Bolivian police clash with supporters of former president Evo Morales during La Paz march

(17 May 2025)
RESTRICTON SUMMARY:

ASSOCIATED PRESS
La Paz, Bolivia – 16 May 2025
1. Demonstrators marching after breaking police line, police officers in riot gear walk alongside them
2. Various of police firing several tear gas canisters and spraying gas towards protesters
3. SOUNDBITE (Spanish) Eduardo Ticona, demonstrator:
"Where have this traitor government left us? This is why we want to support Evo Morales in the ballot as our representative. He is the only one, because he is a revolutionary leader, not an imposed one."
4. Woman crying on her knees in front of police with riot shields
5. Various of demonstrators chanting (Spanish): "If we are not the people, then where are they!" "Companions what do we want?" "For Evo to come back!"
STORYLINE:
Hundreds of supporters of Bolivia’s former president Evo Morales marched toward the country’s top electoral court on Friday to push for their leader’s candidacy in presidential elections later this year.

The rally later descended into street clashes as police tried to clear out a group of demonstrators.
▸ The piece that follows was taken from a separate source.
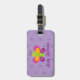 Personalised luggage tag featuring a colourful butterfly with a beautiful purple floral background. Cute and fun design for special for girls. Custom monogrammed gift.
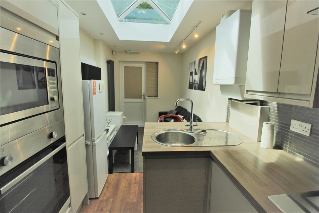 On the ground floor meanwhile, students will also find a modern kitchen and shared open-plan lounge, combining both comfort and convenience for tenants. The lounge provides a cosy space for students to relax and features a communal wall-mounted television and a faux-leather sofa. The adjoined kitchen meanwhile has been fitted with a sleek wood-effect breakfast bar and work-tops, high-gloss cabinets, and a range of integrated cooking appliances.

The confrontations come in response to a ruling by Bolivia’s Constitutional Court that blocks Morales, the nation’s first Indigenous president who governed from 2006 until his ouster in 2019, from running again in August elections.

As the march arrived in Bolivia’s capital of La Paz, protesters seeking to register Morales’ candidacy surged toward the Supreme Electoral Tribunal. Security forces barricading a road to the court held them back.

Police reported two officers, a journalist and a local merchant were injured in the clashes.

Footage showed police using tear gas to disperse the crowd and moving to detain some of the protest’s organizers.

The court’s unanimous decision Wednesday upheld an earlier ruling that bans presidents from serving more than two terms.

Morales has already served three, and, in 2019, resigned under pressure from the military and went into exile as protests erupted over his bid for an unprecedented fourth term.

Morales returned to Bolivia a year later as the 2020 elections vaulted to power his preferred candidate, President Luis Arce, from his long-dominant Movement Toward Socialism party.

Arce, who announced earlier this week that he would not seek re-election, insisted that the Constitutional Court had disqualified Morales, his mentor-turned-rival, from running in 2025.